You have to accept that in an ad block of say 160x600, for example, where five ads show, that the top ad is not always the most relevant to the visitor. If your website page is about fitting kid's shoes, and the top, high paying ad is for girl's pageant shoes, how will that lure a click from somebody looking for dress shoes for a boy, which may be the fifth ad on a page where the topic is fitting children's dress shoes properly? If the fifth ad is paying only $0.10cpc and the first ad is paying a buck, you cost yourself a dime. Now multiple that by 10,000 times in a year and you just lost $1000.00 because you thought you deserved more cpc, blocking out the low bids. It's irrational and an anti-profits business model.

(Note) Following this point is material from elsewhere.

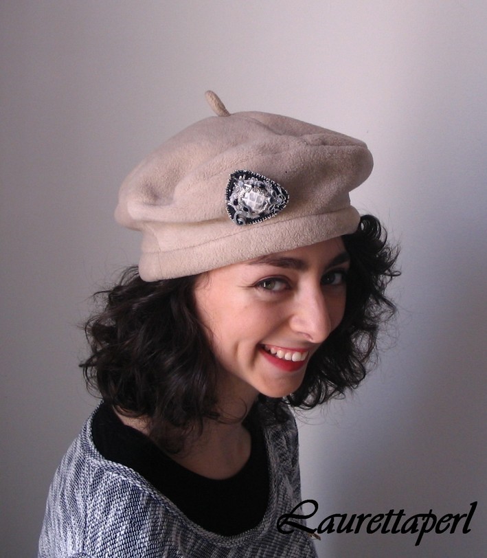 Ce bijou réunit deux techniques travaillées sur mes créations (broderie amérindienne et passementerie). Cette broche peut se porter de deux façons : soit sur un petit chapeau comme vous pouvez le voir sur la photo, soit sur un revers de veste. Pour consulter sa fiche technique qui vous donne le détail des matières premières utilisées c’est ici.
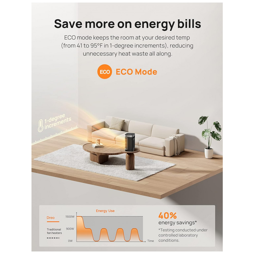 Aquecedor Elétrico Portátil de Cerâmica com 5 Modos Tela LED e Controle Remoto 1500W 110V Dreo Preto

Any wholesaler can tell you that they make a bundle pushing out millions of products at a cheap price every year. In fact, they make more than the retailers they sell to do. Why? Because when you make a buck profit on a million products sold to 1,000 retailers, you earned a cool million bucks, processing only 1,000 orders (less than 3 orders a day of 1,000 piece lots pack in 10 boxes each). The retailer is trying to take a product he bought for $5.00 and sell it for $10.00. If he sells 10,000 products a year, one to each of 10,000 customers (27 a day), he made only $50,000. He packed and shipped roughly the same number of boxes each day as the wholesaler did. In order to make a million, he has to bust his hump, sell 200,000 products(547 packages shipped a day). I figure that out early in my retailer career and switched to wholesale. Try as I might, I could never convince anyone that wholesalers made more money with less work than retailers. Though my bottom line clearly demonstrated it. I don't wholesale any more, because I managed to evolve to the next higher level of commerce.

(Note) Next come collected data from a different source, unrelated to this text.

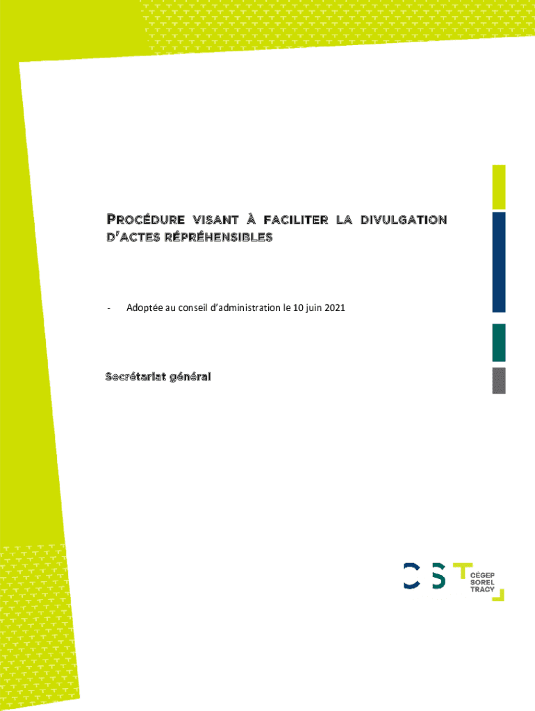 PROCEDURE VISA NT FACILITIES LA DIVULGATION D\ACTS RPRHENSIBLESAdopteAUuConrailladministrationnLEe 10joinn 2021Secrtariat gnralProcdurevisittfacilitiesr la divulgationdatess rprhensibles2NOTE :Dan'SS
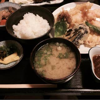 ランチで行きました。 12時に行ったのですが、支度中になっていてガッビ〜ンとしてたところお店の方に大丈夫ですよって言われ中へ、まだ仕込み中満載の店内奥へ。掘りごたつ式の広い木目のテーブルで落ち着きます。 天婦羅定食と焼き鳥定食を頼みました。かなりのボリュームでお腹いっぱいになりました。生ビールも飲んだので美味しいご飯を少し残してしまいました。(≧∇≦) 海老の天婦羅がぷりぷりで大満足です。次回は刺身定食を食べたいなぁ〜(^^) 一緒に行った子の中にお店の方の知り合いがいて、お土産にミカンとシシトウを頂いちゃいました。 すごく得した気分です。
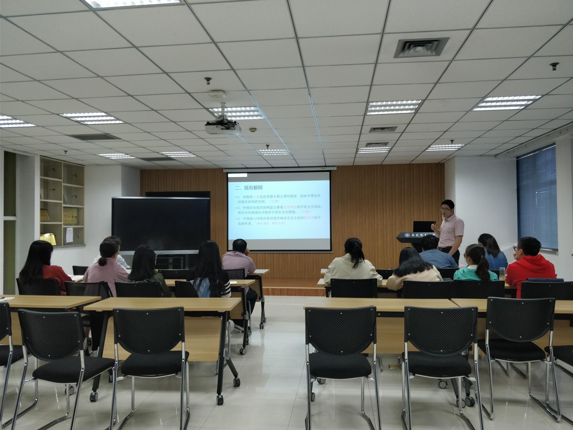 思政所新讲师李家胜博士以他在《世界经济与政治》期刊上发表的“印度洋相遇——印度应对中国进入印度洋的行为逻辑”一文为例,为大家分享了他的研究心得。他从提出问题、文献综述、提出解释框架、设计研究假设、进行案例验证、提出研究发现和政策启示等步骤讲述了他的研究。李家胜老师对于社会科学研究也谈了自己的几点看法,他认为社会科学研究起源于重复出现的现象,要注重揭示这些现象发生的规律,做研究是一个不断否定他人并且否定自己的过程。

So, why would you want to 'retail' clicks instead of 'wholesale' them? The problem here is not what you get per click, it's how many impressions you get. That has nothing to do with Adwords or Adsense, and everything to do with you and your ability to market your website(s). People are blaming Adsense for their own short comings here. If you don't take 100% responsibility for your earnings, you'll never succeed. If you're not making enough money, it's your fault, fix the problem.
Now consider this. In an ad block on one of my pages, I allowed both image and text ads. When I did that an Adwords image ad was taking the entire slot. Minutes later after removing the images ads, allowing text only, an Adwords text ad was #5 in the block. I've seen this numerous times before, not just with the Adwords ad campaign.
Since cpm ads compete on an equal playing field with cpc ads, did I shoot myself in the foot by blocking the image ad, which may have been a cpm ad, actually paying more than the text ad? Using the theory that higher cpc/cpm ads are better, I did.
Though I don't think so. My thoughts on the process are that it's better to give my visitors 5 options in an ad block, than one. The range of relevant ads seen in a single ad block can vary widely and still be highly targeted. I get 5 shots at a click, period. Forget smart pricing. Focus on the ctr and impressions, the rest will take care of itself.
My reasoning is supported by the wild card in play, interest based ads. Do I really want an auto dealer image ad taking the entire ad block simply because yesterday the visitor searched for an auto dealer's phone number at google.com to schedule an oil change, which they did, on my page about children's shoes? What are the odds they will click on that ad today? Virtually nil. So, by having five text ads in a block, even saying one is paying only $0.10cpc, I have a decent shot at the ad that visitor really wants to see being shown and clicked. If every ten visitors to my page see an ad that interests them and click on it, I'm in the money. That 1 in 10 ratio is critical, which is why I have 10 TEXT ads on each page. They get variety, choices, more ads to peak their interest.
I just gave you the auto dealer ad scenario because that happened to me, only two days ago. Another time, for weeks I saw an ad for hitches for my Hummer, long after it was purchased and installed. Every time I saw that image ad on a website, those site publishers potentially lost revenue, because there was NO way I was going to click that ad. Sadly, they all had enabled image ads, so I never got the five text ad option to choose from. Ironically, when I was searching at Google.com for a supplier for the hitch, that ad never showed up.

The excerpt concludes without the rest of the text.